Sunday, 4 May 2014

A Nice Walk in the Woods: A Sussex BC Event


The Springtime Skipper walk is one of the first Sussex Butterfly Conservation events of the year. In choosing the first Bank Holiday Weekend in May it was always hoped that enough butterflies, especially Dingy Skipper (Erynnis tages) and Grizzled Skippers (Pyrgus malves) would have emerged to give a reasonable chance of seeing these butterflies.
Grizzled Skipper : Photo John East
Last year was a disaster with no butterflies of any kind being seen during our event, thankfully this year we saw two Grizzled Skippers and three Dingy Skippers, but even so the numbers seen are rather concerning. The count is well down on the excellent year of 2011. The cold spring of 2013 seems to have hit the springtime skippers hard in East Sussex.
Dingy Skipper : Photo John East
We were fortunate enough to see some other butterflies too. The numbers of Green-veined Whites (Pieris napi) seen in woodland are relative high this year. As happens at the start of every season it takes a while to get my eye in as all the white butterflies look very similar especially when at a distance or on the move. This year, when stationary, we were also able to identify a couple of female Orange Tips (Anthocharis cardamines) and a Small White butterfly (Pieris rapae).
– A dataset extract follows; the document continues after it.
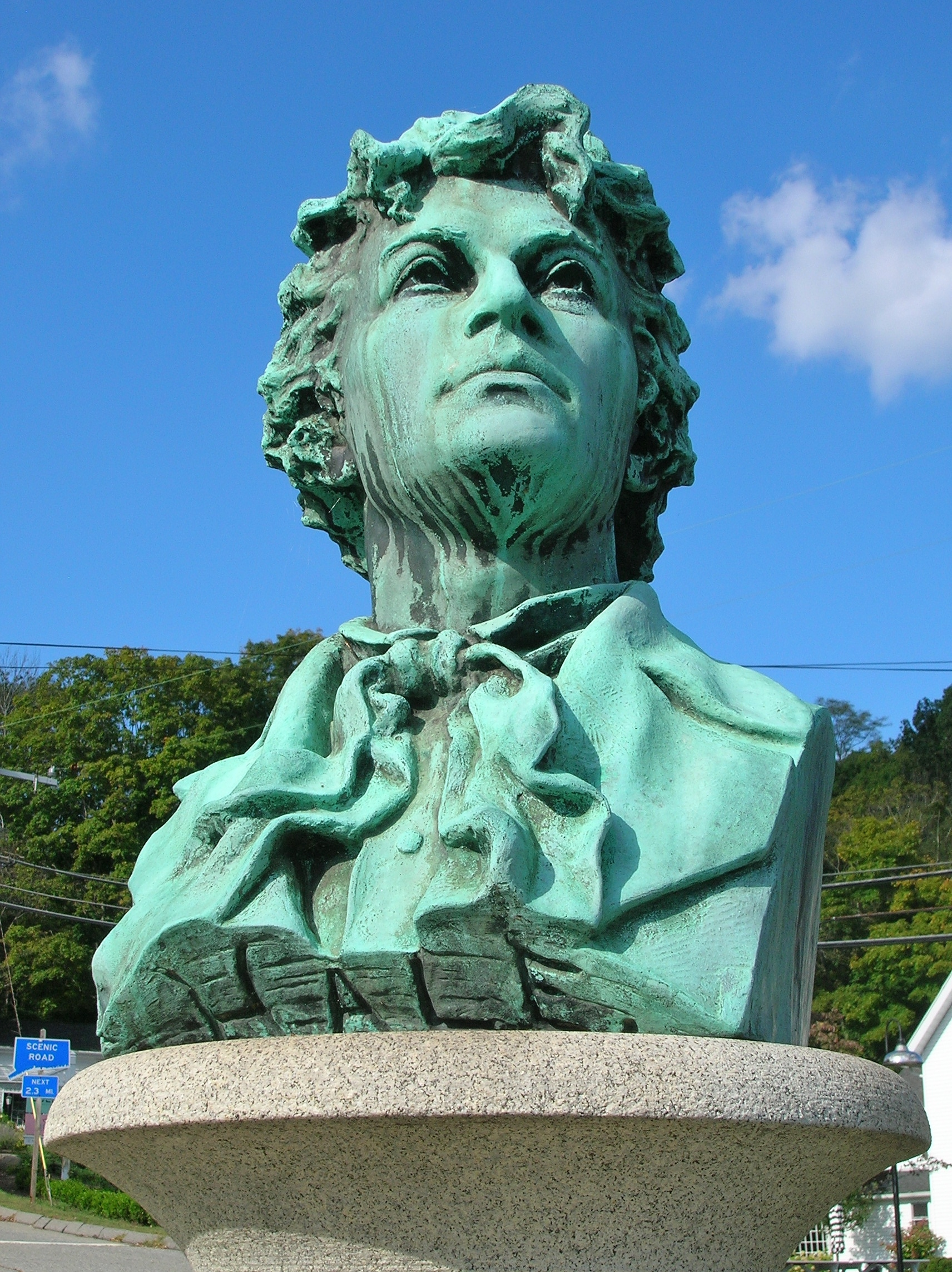 Photograph taken 9/29/2018 of the Nathan Hale statue (bronze bust), sculpted by Enoch Smith Woods between 1885 and 1900 (according to the inscription on the side of the bust). The statue is located in the center of East Haddam, CT.

Green-veined White: Photo John East
There were a few moths about too. Dave Monk identified a Green Longhorn Moth (Adela reaumurella) and a Marsh Marigold Moth (Micropterix calthella). We saw many Speckled Yellow moths (Pseudopanthera macullaria), a Small White Wave (Asthena abulata) and a Small Purple and Gold moth (Pyrausta aurata). I believe I may have seen a Burnet Companion moth (Euclidia glyphica) but it was gone before I could be really confident of an ID.
Marsh Marigold Moths: Photo Dave Monk
 
Green Longhorn Moth : Photo Dave Monk

However the highlight of the other species (non-butterflies) of this event was when Dave Monk spotted a female “White Death Crab Spider” (Misumena vatia). The name alone is enough to conjure nightmares.  
White Death Crab Spider: Photo Douglas Neve
On a less sinister note, Robin Harris very kindly made a list of all the birds and bird song we encountered on our walk. The exceptional encounter this year was a Willow Warbler (Phylloscopus trochilus), very visible at the top of a tree singing in the bright sunshine. For me nothing quite exceeds seeing the first Grizzled Skipper of the year, but the Willow Warbler in song sure came close.


To conclude then some Dock Leaf  Bugs (Coreus marginatus), also known as Shield Bugs, clearly enjoying each others company. More little Shield Bugs on the way!